There are very few case reports in the literature showing MRI of a metallic IOFB in vivo.^{16, 17, 18, 19, 20} A handful of case reports have documented ocular complications after MRI that were caused by overlooked IOFBs. Kelly et al.²¹ first reported sudden unilateral vision loss due to vitreous hemorrhage after a brain MRI in 1986. In a similar case, a patient presented with sudden eye pain and loss of vision immediately after MRI. Ophthalmological examination revealed a small paracentral corneal scar and 50% hyphema.¹⁸ In both cases, subsequent CT revealed the presence of an IOFB. Vote and Simpson²² reported rapid progression of traumatic cataracts due to IOFB after MRI in 2001, and a more recent case report described a case of microhyphema after MRI resulting from the dislocation of an IOFB embedded in the iris.²³ In contrast, Platt et al.²⁰ reported that an orbital IOFB was detected in a 12-year-old child undergoing routine brain MRI examination without causing any ocular complications. Similarly, our patient seems to have another rare case of orbital IOFB that was noticed on brain MRI but caused no ocular adverse effects associated with MRI. The eye is considered one of the most vulnerable parts of the body in terms of metallic fragments.

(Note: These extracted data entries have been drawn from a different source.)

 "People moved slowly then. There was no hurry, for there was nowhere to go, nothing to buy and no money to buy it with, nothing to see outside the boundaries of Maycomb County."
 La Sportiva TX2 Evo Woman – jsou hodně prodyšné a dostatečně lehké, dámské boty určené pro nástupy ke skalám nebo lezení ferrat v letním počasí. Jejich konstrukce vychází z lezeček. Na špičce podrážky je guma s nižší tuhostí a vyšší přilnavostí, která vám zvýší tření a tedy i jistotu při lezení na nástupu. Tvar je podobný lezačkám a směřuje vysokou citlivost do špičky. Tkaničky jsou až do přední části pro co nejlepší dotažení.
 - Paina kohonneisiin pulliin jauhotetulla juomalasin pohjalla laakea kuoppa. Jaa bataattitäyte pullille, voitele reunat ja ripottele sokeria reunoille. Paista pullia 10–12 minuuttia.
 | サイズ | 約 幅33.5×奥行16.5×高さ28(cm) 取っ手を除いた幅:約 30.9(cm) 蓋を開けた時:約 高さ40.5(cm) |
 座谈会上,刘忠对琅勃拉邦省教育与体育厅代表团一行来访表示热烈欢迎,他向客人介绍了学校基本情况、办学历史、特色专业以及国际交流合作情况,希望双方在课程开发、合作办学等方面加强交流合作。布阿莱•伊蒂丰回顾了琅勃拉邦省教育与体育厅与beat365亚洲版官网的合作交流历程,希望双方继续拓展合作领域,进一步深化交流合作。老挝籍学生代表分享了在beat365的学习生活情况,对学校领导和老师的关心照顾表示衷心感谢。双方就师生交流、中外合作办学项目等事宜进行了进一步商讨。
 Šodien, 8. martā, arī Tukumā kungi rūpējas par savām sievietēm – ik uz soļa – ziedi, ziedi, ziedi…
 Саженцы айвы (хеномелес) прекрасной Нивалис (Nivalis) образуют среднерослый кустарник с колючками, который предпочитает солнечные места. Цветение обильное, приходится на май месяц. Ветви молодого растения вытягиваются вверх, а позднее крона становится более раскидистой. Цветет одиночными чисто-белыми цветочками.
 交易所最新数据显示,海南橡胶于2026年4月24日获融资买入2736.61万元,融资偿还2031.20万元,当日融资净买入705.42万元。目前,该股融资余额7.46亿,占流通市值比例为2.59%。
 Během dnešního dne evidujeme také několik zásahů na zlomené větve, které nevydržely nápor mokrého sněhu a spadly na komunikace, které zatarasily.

Therefore, to avoid surprises such as those seen in the present case or worse, it has been recommended that patients and other personnel be carefully questioned and screened for IOFBs before entering the controlled area of the MRI room.²⁴

Despite clinical improvements, IOFBs can still be overlooked, and OS occurs mainly as a result of delayed admission or missed diagnosis. Our report highlights the importance of a detailed ophthalmologic examination prior to MRI in patients with unilateral fixed or poorly reactive dilated pupil, especially young male patients and even in the absence of a definitive trauma history, to prevent delaying or overlooking the diagnosis of OS. Despite having appropriate screening protocols prior to imaging, metallic IOFBs unnoticed before MRI can cause a number of adverse events from monocular blindness to other intraocular complications. Therefore, we believe this case demonstrating that “iron mydriasis” should be kept in mind during the differential diagnosis of anisocoria will be a good reminder for clinicians.

Ethics

Informed Consent: Obtained.

Declarations

Authorship Contributions

Concept: O.Ö., M.İ.Ö., Design: O.Ö., M.İ.Ö., Data Collection or Processing: M.İ.Ö., Analysis or Interpretation: O.Ö., M.İ.Ö., Literature Search: O.Ö., M.İ.Ö., Writing: O.Ö.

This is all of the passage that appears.